藤田 10まではシナリオや設定もよかったんですよ。オンラインになった11以降が、ストーリーが弱くなっちゃってるんですよ(12、13、15はオフライン)。
「物語」に合いにくいゲームデザインの方向にシフトしようとしながらも、「物語」を描こうとするところから、色々無理が出てきているし、15みたいな「一人擬似オンラインゲーム」(12のリメイクのような戦闘システム)という畸形が出てくるんだと思う。

飯田 大作ゲームになると、分業が進んでいるがゆえに、システムありきとか戦闘やらイベントのCGありきであとから「サブシナリオつくれ」とか「台詞かんがえろ」とかっていうのも普通にあるみたいね。それは無理が出てくるわな。

藤田 ただ、技術やシステム面を先行させることによって、既存のエンターテイメントとは異なる物語や表現、展開が出てくる可能性があるわけですよ。個人的にはそこに期待しているので、FF15の異様さも、むしろ面白がって褒めてます。

飯田 期待値が高いぶん叩かれやすいのはしょうがないけど、日本的な奇妙な進化を引き連れたまま世界で勝負しようという志は買いたい。

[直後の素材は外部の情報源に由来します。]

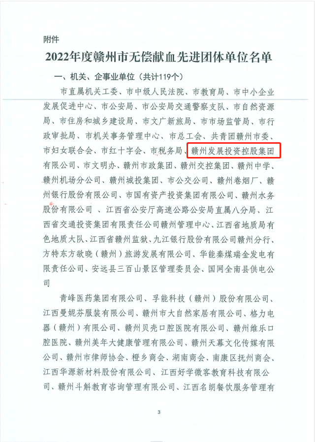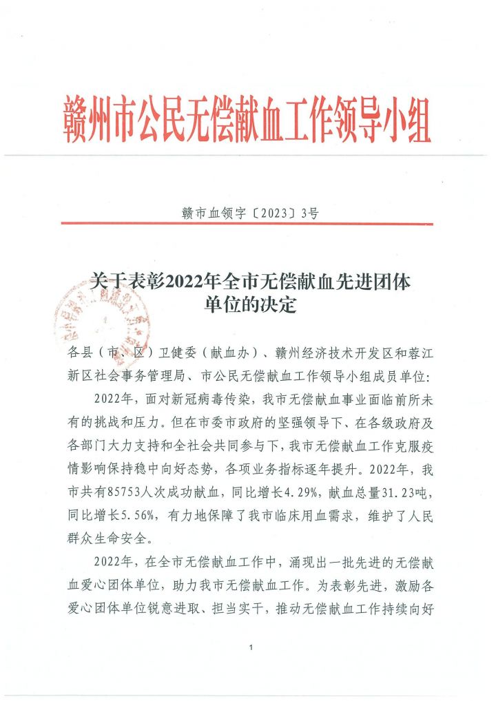 6月6日,赣州市公民无偿献血工作领导小组印发《关于表彰2022年全市无偿献血先进团体单位的决定》(赣市血领字[2023]3号),必赢3003no1线路检测中心被评为“2022 年度赣州市无偿献血先进团体单位”。

藤田 「世界を動かしているテクノロジーの話」をやりながら、その世界そのものを壊したりひっくり返す物語を「ゲームというテクノロジーで作り上げられた世界」で展開していたのが、ぼくはFF(というかスクウェアのゲーム)の魅力の核心にあったと思う。今作は、非常に残念なところはあったとは言え、それがあった。その部分は、評価しないといけないかなと思ってます。